Para lo que interesa a los propietarios y directores del negocio, no estorban la calidad moral y la procedencia del minero. Sea éste quien fuere, venga de donde venga, ni comete delitos, ni provoca reyertas en el interior de la mina. En ella es un soldado que a otros se une para la conquista del mineral. Un instrumento más durante la faena; en los trances de peligro un hermano más. Los mineros disputan, riñen, se desafían y se matan lejos de los pozos y talleres, valga la frase, extrafronteras. Esto a los directores de la mina les importa muy poco; a los accionistas, claro que los importa menos.
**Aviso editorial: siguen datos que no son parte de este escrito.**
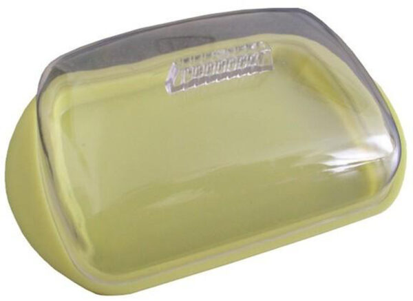 Máslenka s poklopem, vyrobena z odolného plastu, uchová máslo čerstvé a svěží, vhodná do myčky nádobí. Rozměry – 17 x 10 cm.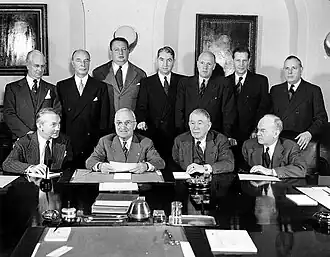 | Sekretarz handlu | Henry Wallace William Averell Harriman Charles W. Sawyer | 1945 – 1946 1946 – 1948 1948 – 1953 |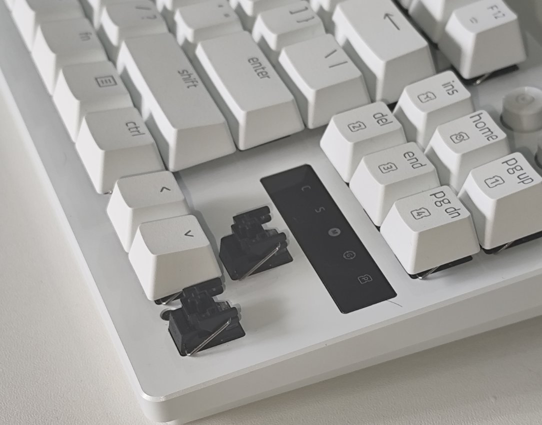 关掉幻彩、拔掉键帽,你就看到这款键盘的核心——第二代模拟光轴。相比于第一代,第二代模拟光轴的触发范围调节由1.5mm-3.6mm提升到了0.1mm-4.0mm,触发力度由40g降低到50g,灵敏稳定性更高、按压力度更轻。
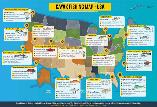 This is a map of the most delicious fish available in the USA. Presenting you the location and what bait to use so you can cacth it. You can do it while paddling in a kayak. Think about kayaking and fishing, two great hobbies combined in one. At the end a perfect meal and stories to share with your family and friends. Gear up!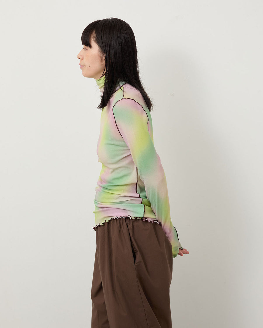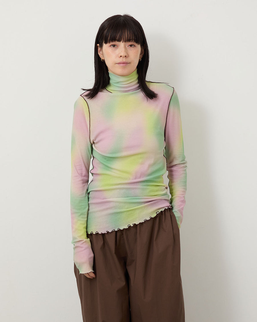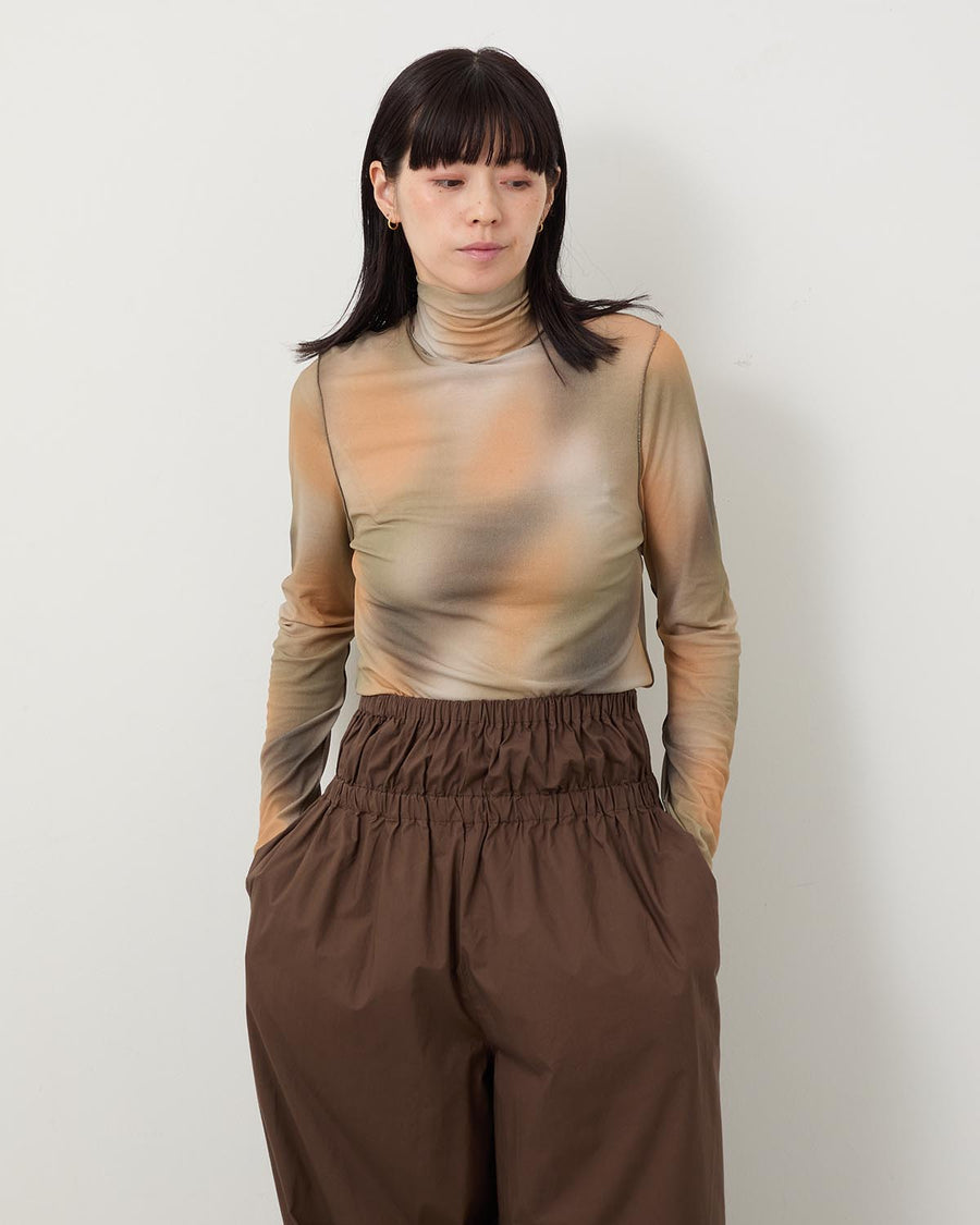 細番手のコットン糸で編み立てた繊細なシアーフライス生地に、ミックスしたカラーをマーブル状にプリントしたハイネックシアーカットソーです。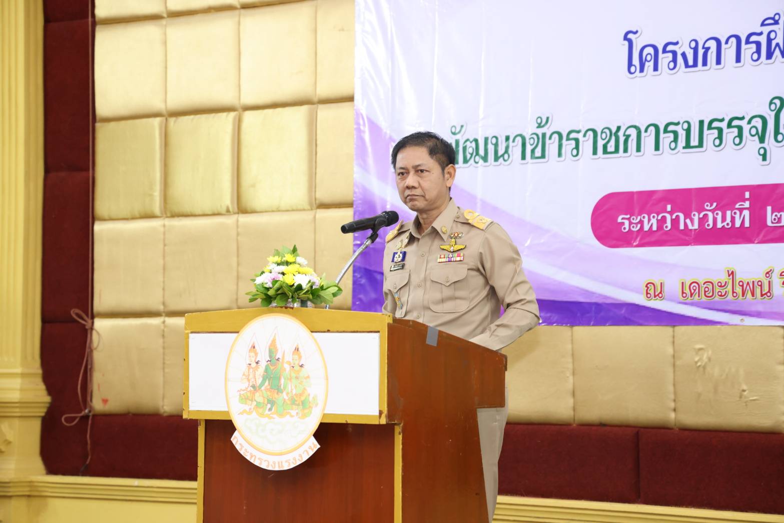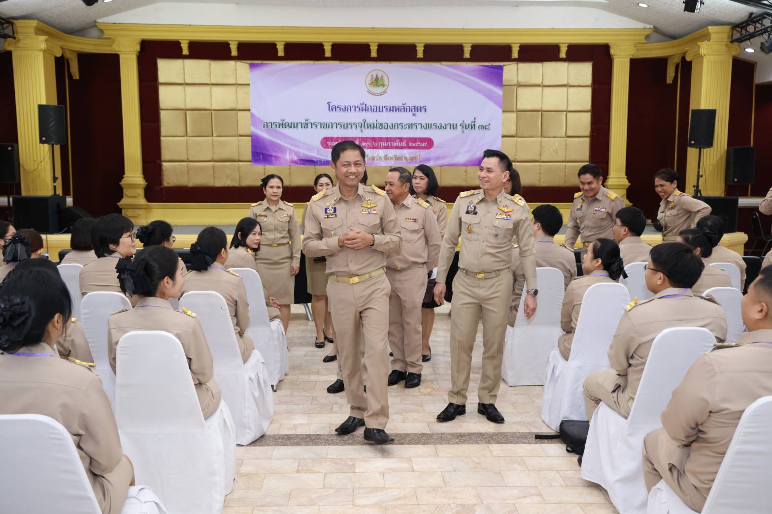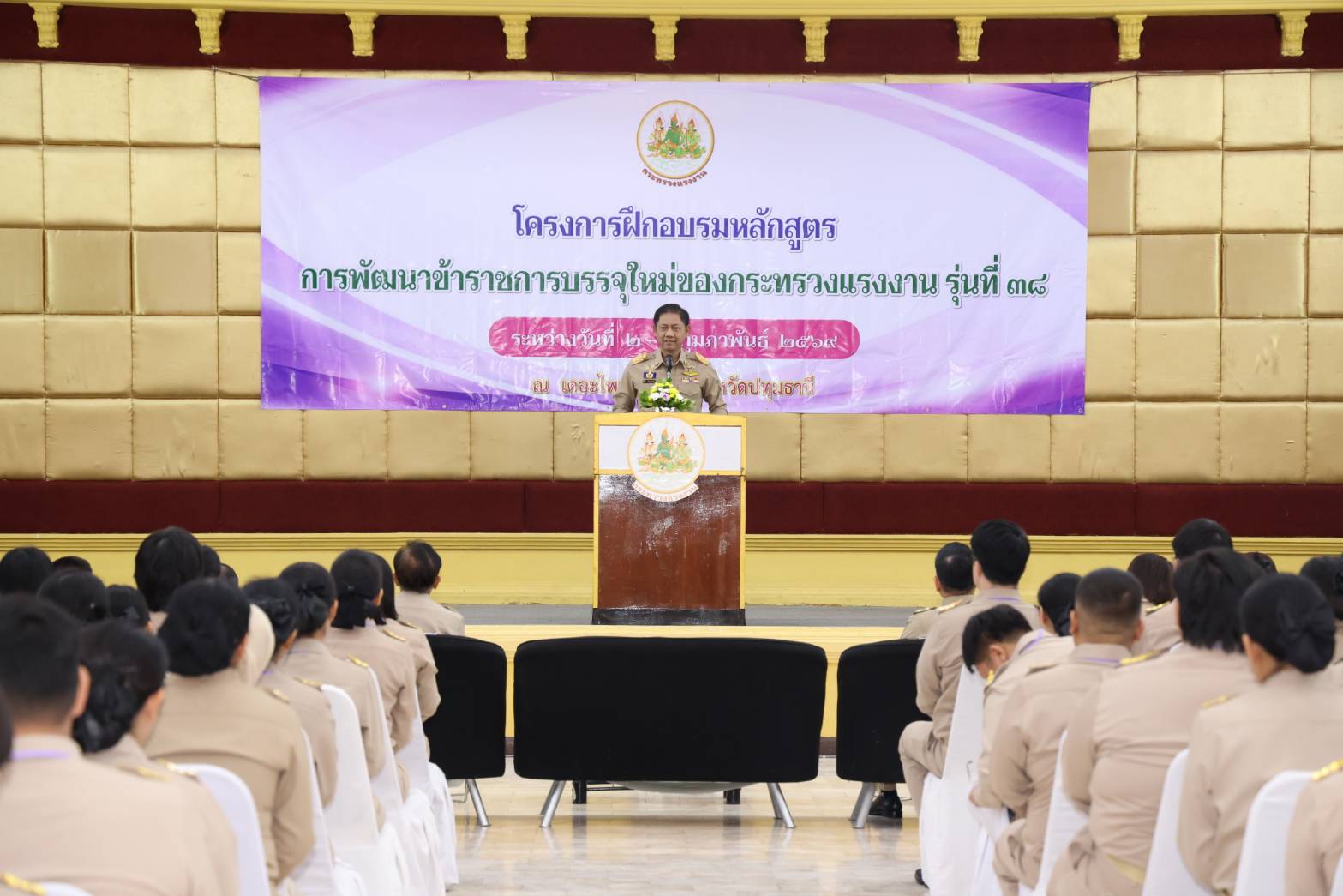 วันที่ 2 กุมภาพันธ์ 2569 เวลา 10.30 น. พันตำรวจโท วรรณพงษ์ คชรักษ์ ปลัดกระทรวงแรงงาน มอบหมายให้ นายพิเชษฐ์ ทองพันธ์ รองปลัดกระทรวงแรงงาน เป็นประธานในพิธีเปิดโครงการฝึกอบรมหลักสูตรการพัฒนาข้าราชการบรรจุใหม่ของกระทรวงแรงงาน รุ่นที่ 38 โดยมี นายสมชาติ สุภารี รองอธิบดีกรมพัฒนาฝีมือแรงงาน ผู้บริหารกระทรวงแรงงาน ร่วมเป็นเกียรติ นางสาวศิริลักษณ์ ประศาสตร์อินทาระ ผู้อำนวยการกองบริหารทรัพยากรบุคคล กล่าวรายงาน ณ โรงแรมเดอะไพน์ รีสอร์ท อำเภอสามโคก จังหวัดปทุมธานี

El hampón aparece en cualquier taberna, pido trabajo a un «destajista», a un jefe de cuadrilla; entra en el pozo, empuña el pico y ¡a cortar mineral!

A las pocas semanas su valor, su total desprecio a todo peligro, le conquistan puesto de honor entre los suyos.
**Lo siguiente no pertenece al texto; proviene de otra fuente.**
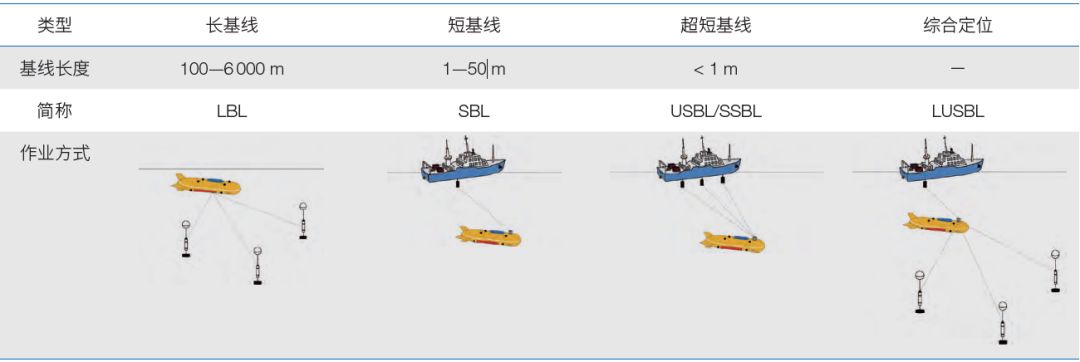 根据定位系统基线长度以及工作模式的差别,一般将其划分为长基线系统、短基线系统、超短基线系统及综合定位系统(表1)。①长基线定位系统由预先布设的参考声信标阵列和测距仪组成,通过距离交汇解算目标位置。长基线需要事先测阵,作业成本高,主要应用于局部区域高精度定位。②超短基线定位系统则是由多元声基阵与声信标组成,通过测量距离和方位定位。其优点为尺寸小、使用方便;缺点是定位误差与距离相关,仅适用于大范围作业区域跟踪。③短基线定位系统由装载在载体上的多个接收换能器和声信标组成,通过距离交汇获得目标位置。短基线作业简便,但其精度易受到载体形变等因素影响。④综合定位系统融合了超短基线及长基线定位,兼顾了超短基线作业的简便性和长基线的定位精度。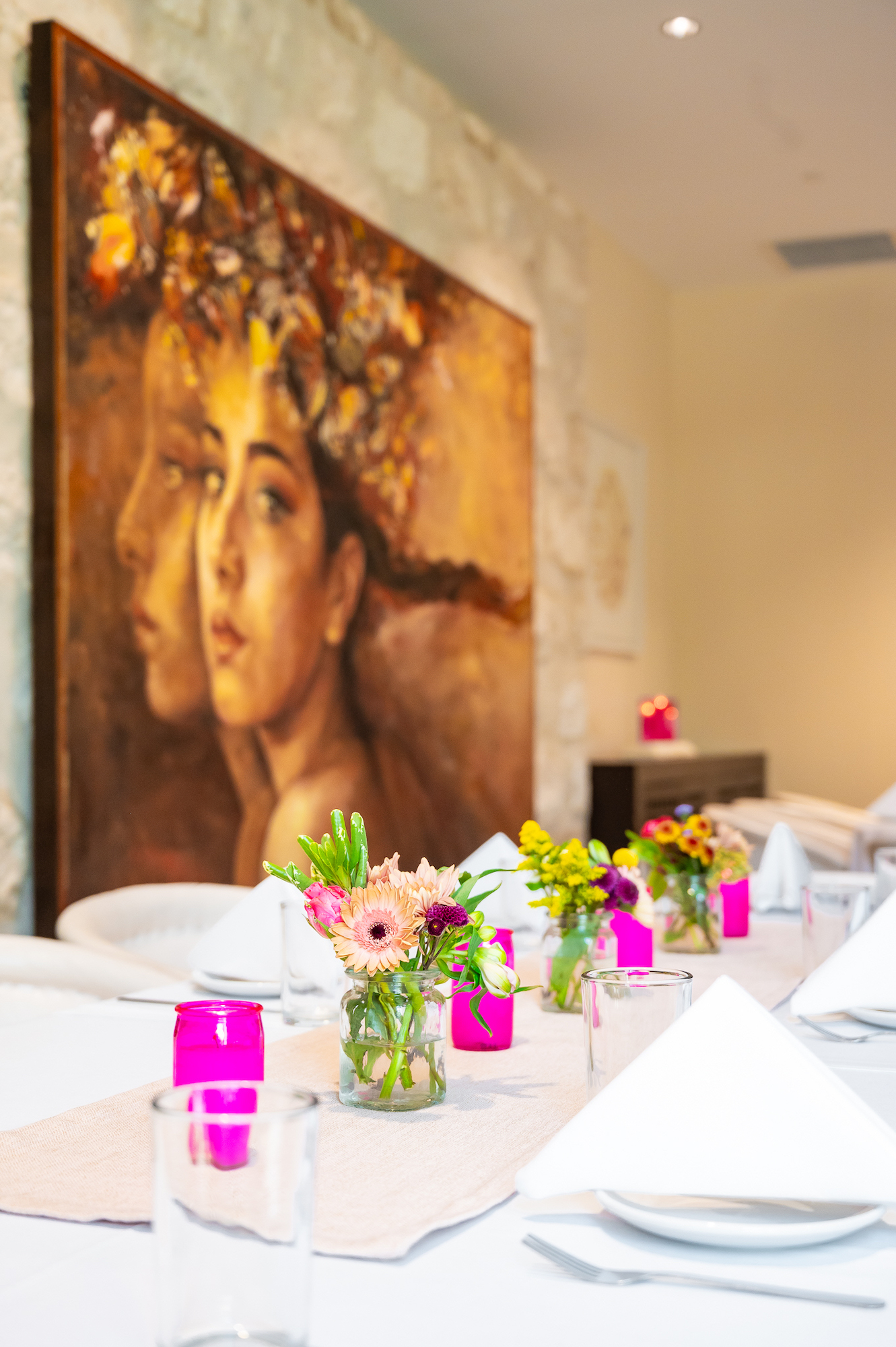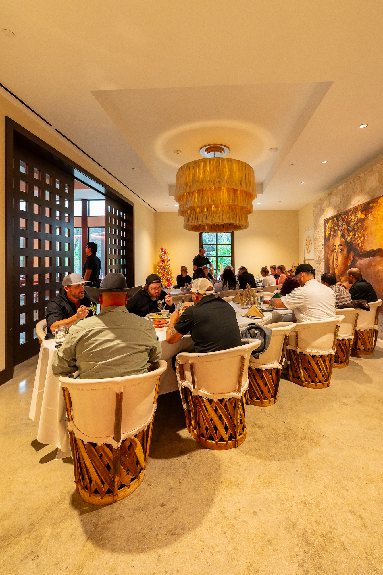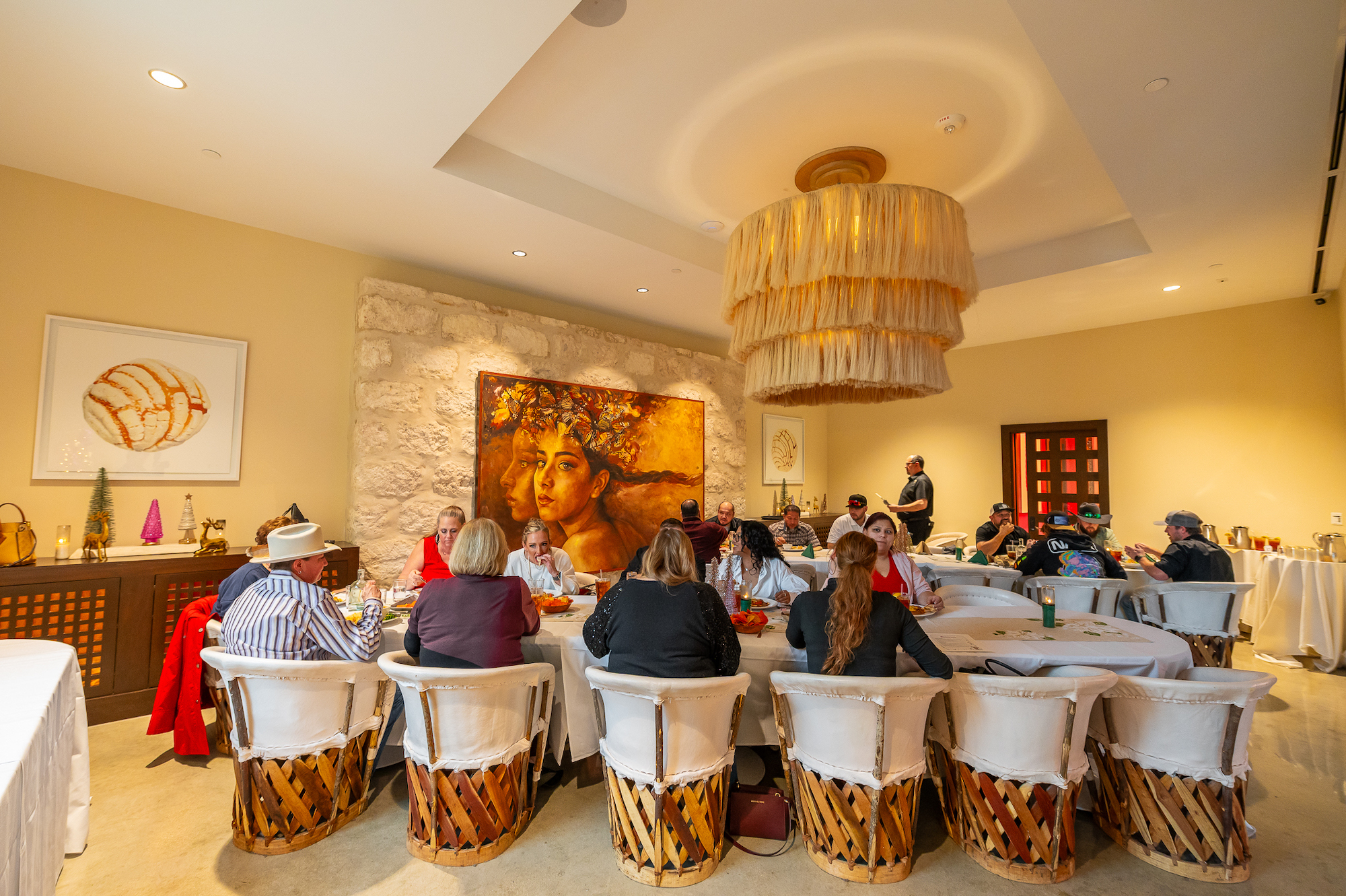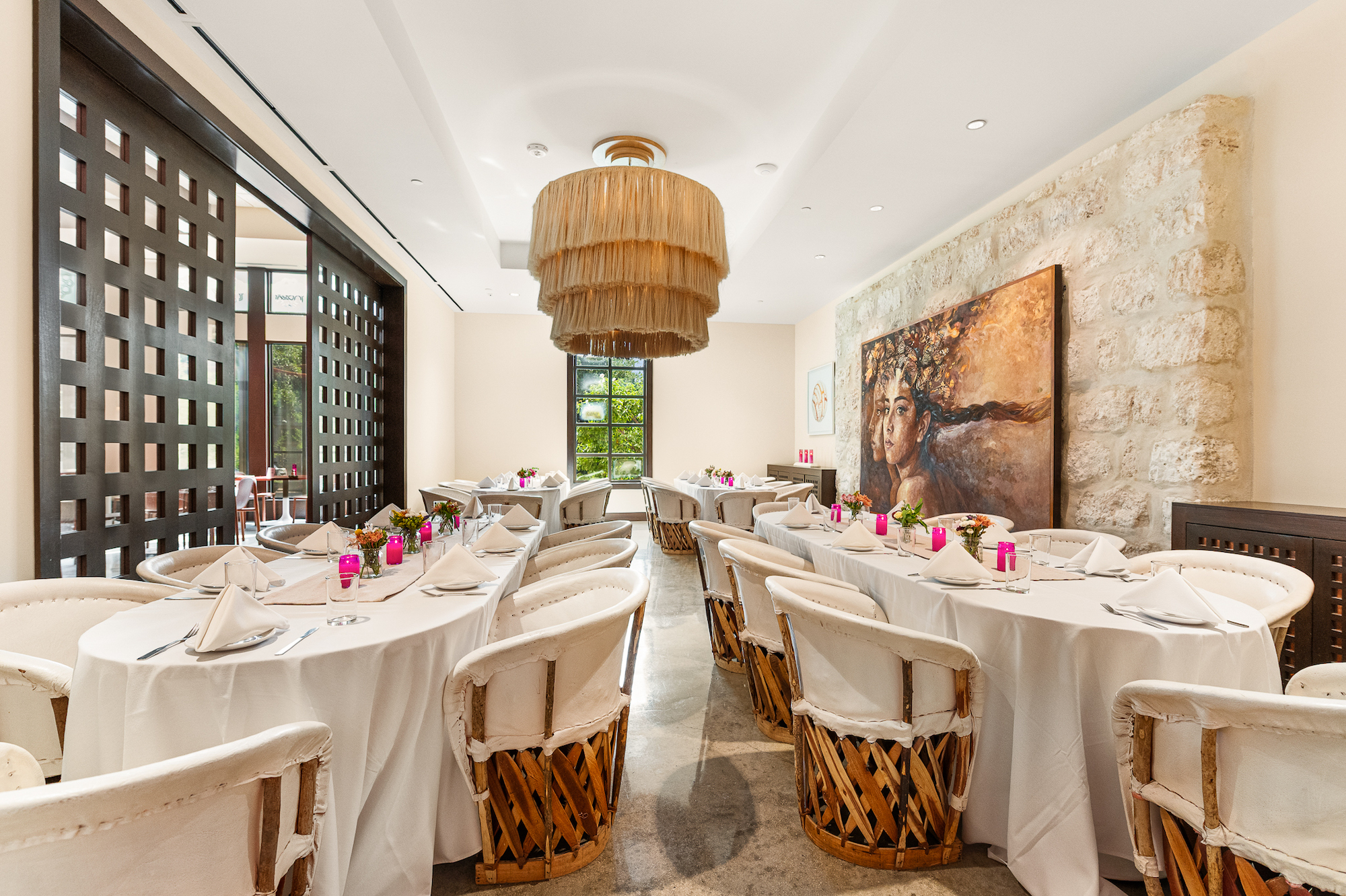 La Caliza accommodates up to 30 seated guests or 40 cocktail-style, making it ideal for smaller, meaningful celebrations. Centerpiece features include a breathtaking chandelier, sunlit windows, and concha artwork by local artist Eva Marengo Sanchez, giving your event an unforgettable ambiance.

¿Dónde come? En una cantina, la más próxima al pozo. ¿Dónde duerme? Acaso en el fondo, de una galería abandonada. Sus compañeros no le ven más que en la tarea; sus jefes, al reflejo lívido de los candiles; los empleados de la administración, cuando va a cobrar los jornales.

Ese día, el de la quincena, el hampón, el cortador incansable del plomo, reaparece en la ciudad ennegrecido y harapiento, fosca la barba, luenga la cabellera, alegre el gesto y vacilante el viaje de sus pies, hechos a tantear abismos.
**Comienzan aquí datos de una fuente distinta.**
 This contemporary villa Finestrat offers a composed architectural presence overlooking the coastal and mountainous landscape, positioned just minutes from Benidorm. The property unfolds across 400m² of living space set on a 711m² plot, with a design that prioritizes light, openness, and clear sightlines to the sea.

En la primera taberna apura el primer vaso y cambia el primer duro de los recibidos en la caja. Luego de recorrer tabernas se dirige al cantante; allí corea las coplas, convida a los artistas y alterna con las bailaoras. Del cantante pasa al café de camareras; reúne a las mujeres en torno de su mesa; les paga espléndidamente sus carantoñas y arrumacos, gasta en Jerez su plata, satisface su prodigalidad, logra su ansia brutal de goces, la hartura de ellos con las pesetas últimas en un burdel cualquiera, y de aquella horrible cámara nupcial sale, cuando el alba despunta, para dirigirse a la boca del pozo y bajar a él tambaleándose en la plataforma del ascensor, y perfora la piedra, y carga el cartucho y sube la escala de esparto tarareando una taranta mientras a sus espaldas cruje el bloque y revienta la dinamita.

Así vive este hombre que acaso no tiene familia, ni amigos, ni derechos sociales, ni nombre que pueda pronunciarse en voz alta.

Así vive en la mina donde trabaja, silencioso, huraño, enigmático, aguardando que un «chino» le aplaste los sesos o que el ácido carbónico traiga a sus pulmones la asfixia. Si los bloques le respetan y el ácido carbónico no lo quiere matar de golpe, muerto aparecerá un día cualquiera en su dormitorio de roca, en la abandonada galería con la bolsa pañuelo apretada entre la camisa y la punta de la faca asomando por una solapa del remendado chaquetón.